• Dataset section:
■ ■ ■ ■
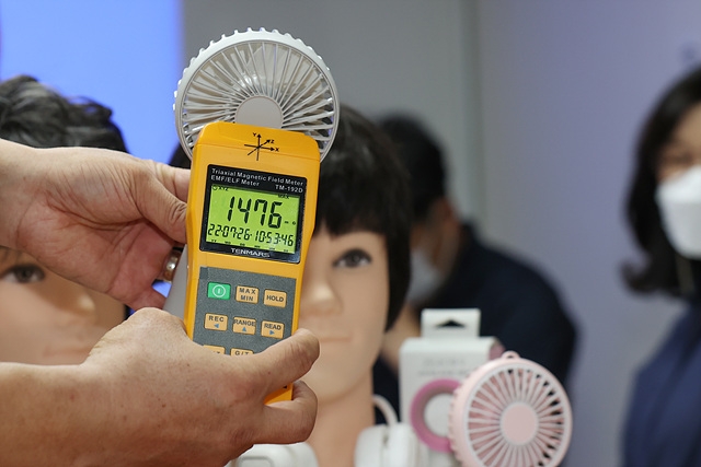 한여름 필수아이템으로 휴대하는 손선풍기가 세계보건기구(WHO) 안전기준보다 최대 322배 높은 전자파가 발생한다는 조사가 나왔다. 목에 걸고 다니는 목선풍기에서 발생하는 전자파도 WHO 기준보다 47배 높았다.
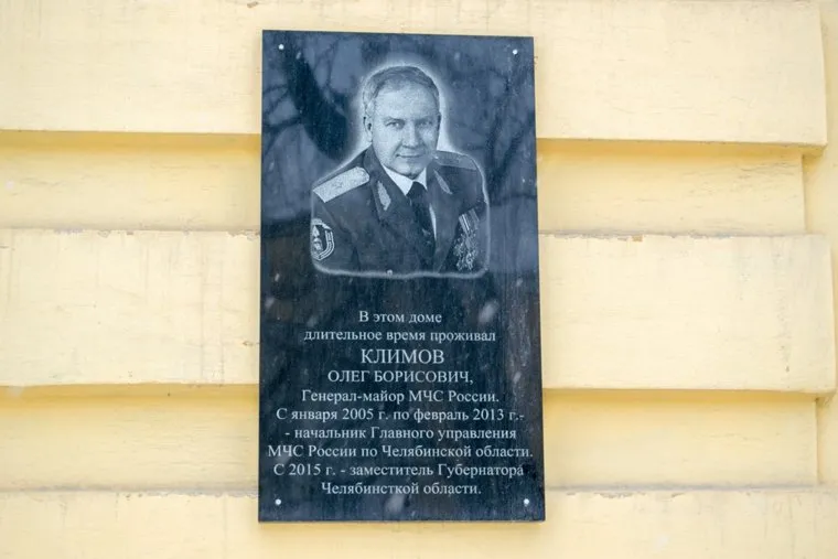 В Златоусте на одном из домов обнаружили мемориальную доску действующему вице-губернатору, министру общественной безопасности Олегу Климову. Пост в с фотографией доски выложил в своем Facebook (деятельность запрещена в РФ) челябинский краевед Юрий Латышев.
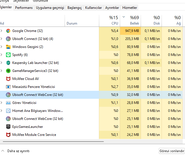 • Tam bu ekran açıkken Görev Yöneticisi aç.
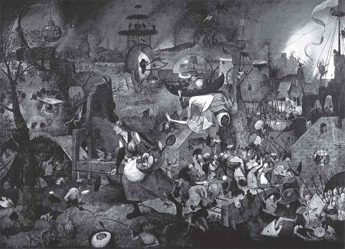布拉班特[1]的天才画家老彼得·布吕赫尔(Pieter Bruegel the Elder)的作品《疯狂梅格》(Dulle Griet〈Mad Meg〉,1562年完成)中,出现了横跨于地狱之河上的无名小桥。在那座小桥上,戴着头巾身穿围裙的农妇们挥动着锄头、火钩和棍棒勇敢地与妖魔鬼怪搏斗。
■ ■ ■ ■
• Your instructions: Once the pictures are set aside, please output all the data word for word.

• Finished task:
 한여름 필수아이템으로 휴대하는 손선풍기가 세계보건기구(WHO) 안전기준보다 최대 322배 높은 전자파가 발생한다는 조사가 나왔다. 목에 걸고 다니는 목선풍기에서 발생하는 전자파도 WHO 기준보다 47배 높았다.
 В Златоусте на одном из домов обнаружили мемориальную доску действующему вице-губернатору, министру общественной безопасности Олегу Климову. Пост в с фотографией доски выложил в своем Facebook (деятельность запрещена в РФ) челябинский краевед Юрий Латышев.
 • Tam bu ekran açıkken Görev Yöneticisi aç.
布拉班特[1]的天才画家老彼得·布吕赫尔(Pieter Bruegel the Elder)的作品《疯狂梅格》(Dulle Griet〈Mad Meg〉,1562年完成)中,出现了横跨于地狱之河上的无名小桥。在那座小桥上,戴着头巾身穿围裙的农妇们挥动着锄头、火钩和棍棒勇敢地与妖魔鬼怪搏斗。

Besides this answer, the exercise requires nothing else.